Он почти не обращается к современности — в беллетристике его интересуют в основном 1980-е — начало 1990-х, в нон-фикшн — Гражданская война.
Главный герой его творчества — барон Роман Унгерн, которым Юзефович заинтересовался в начале 1970-х, во время армейской службы в Забайкалье. С тех пор им написано несколько книг о бароне и его Азиатской конной дивизии.
Казалось бы, об Унгерне, его предках, об офицерах дивизии он знает все, а новые факты может тихонько включать в книги при переиздании, ошибки без шума исправлять. Но…
Недавно в АСТ («Редакция Елены Шубиной») вышел сборник Леонида Юзефовича «Маяк на Хийумаа». Он поделен на две части: «Тени и люди» и «Рассказы разных лет».
В рассказах второй части Юзефович предстает автором-демиургом, автором-богом, которому одновременно ведомы мысли всех персонажей, который мгновенно переключается с одного героя на другого. Это черта, свойственная русской прозе XIX века. Сегодня же мы читаем в основном прозу, четко разбитую на повествовательные линии — вот линия одного героя, вот линия другого, иногда третьего и четвертого. Линии отделены, как правило, главками или хотя бы отбивкой. У Юзефовича линии перемешаны, туго сплетены, но сделано это в рассказах «Бабочка», «Гроза», «Колокольчик», по моему мнению, виртуозно.
В первой же части — «Тени и люди» — вещи совсем другие.
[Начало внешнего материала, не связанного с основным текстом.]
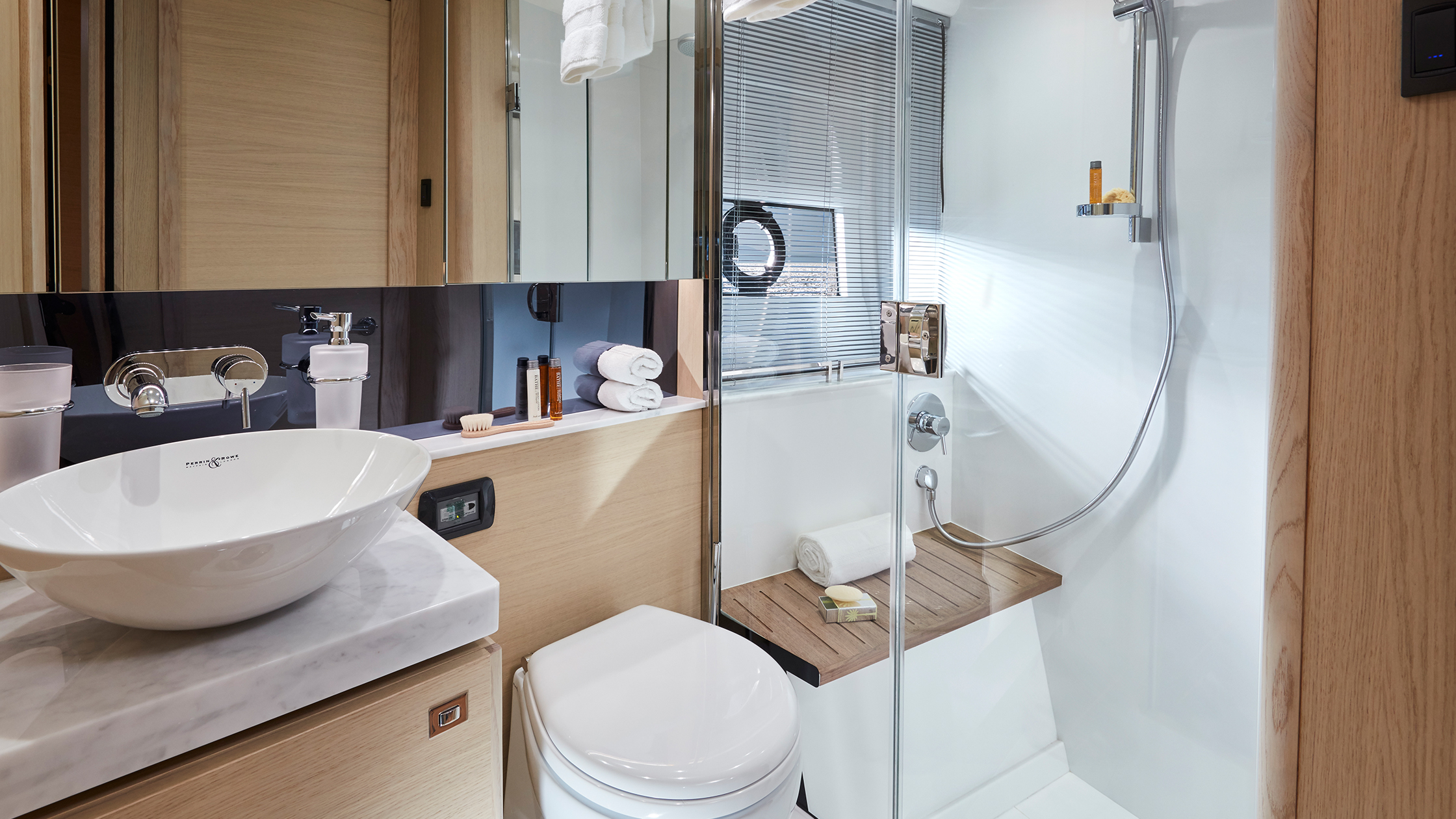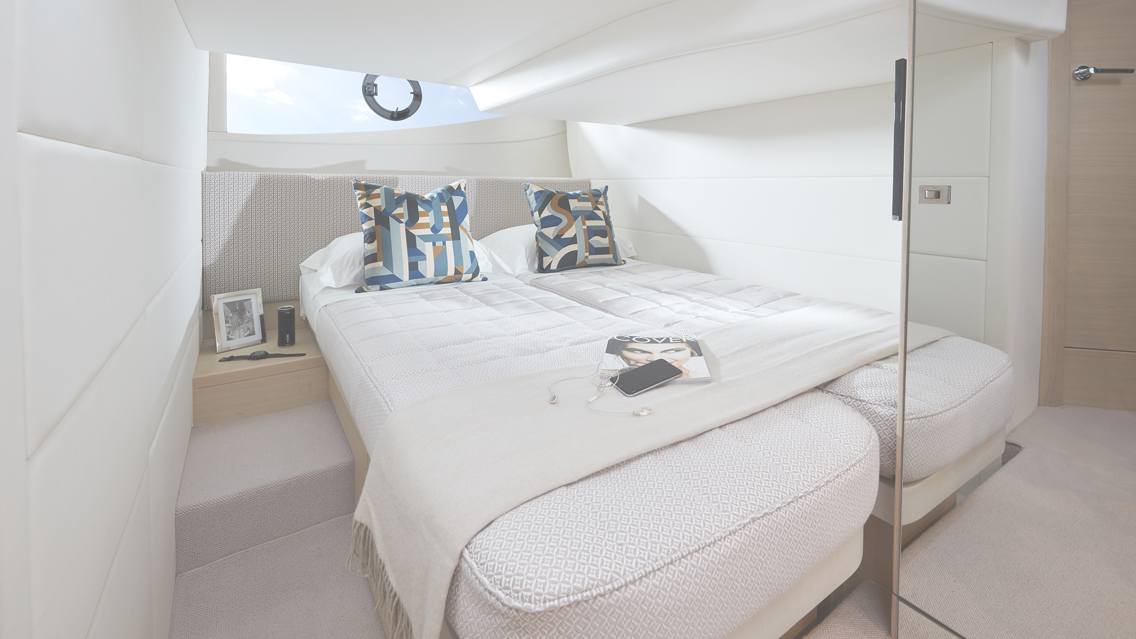 Die Vorderkabine verfügt über ein eigenes Bad mit zweitem Zugang zum Salon, während die Achterkabine wahlweise mit Schiebekojen ausgestattet werden kann, die sich bei Bedarf mühelos zu einem Doppelbett umbauen lassen.

По ощущениям, это настоящий нон-фикшн, причем предельный, для любого писателя рискованный: впускать в свой рабочий кабинет, демонстрировать творческую лабораторию, ошибки и слабости наш брат боится и предпочитает — если уж нет сил носить в себе — рассказать через придуманного персонажа, свалить груз на него.
Юзефович, видимо, из-за своей интеллигентности решил рассказать напрямую, во всех рассказах поставить твердое «я», без такого любимого писателями приема-защиты: автор и повествователь — не одно и то же. У Леонида Юзефовича автор и повествователь слиты в одно. Намеренно и демонстративно.
Во всех пяти рассказах «Теней и людей» речь идет о том как к нему, автору, являются тени персонажей его документальных книг или потомки персонажей и требуют справедливости, просят об оправдании, понимании.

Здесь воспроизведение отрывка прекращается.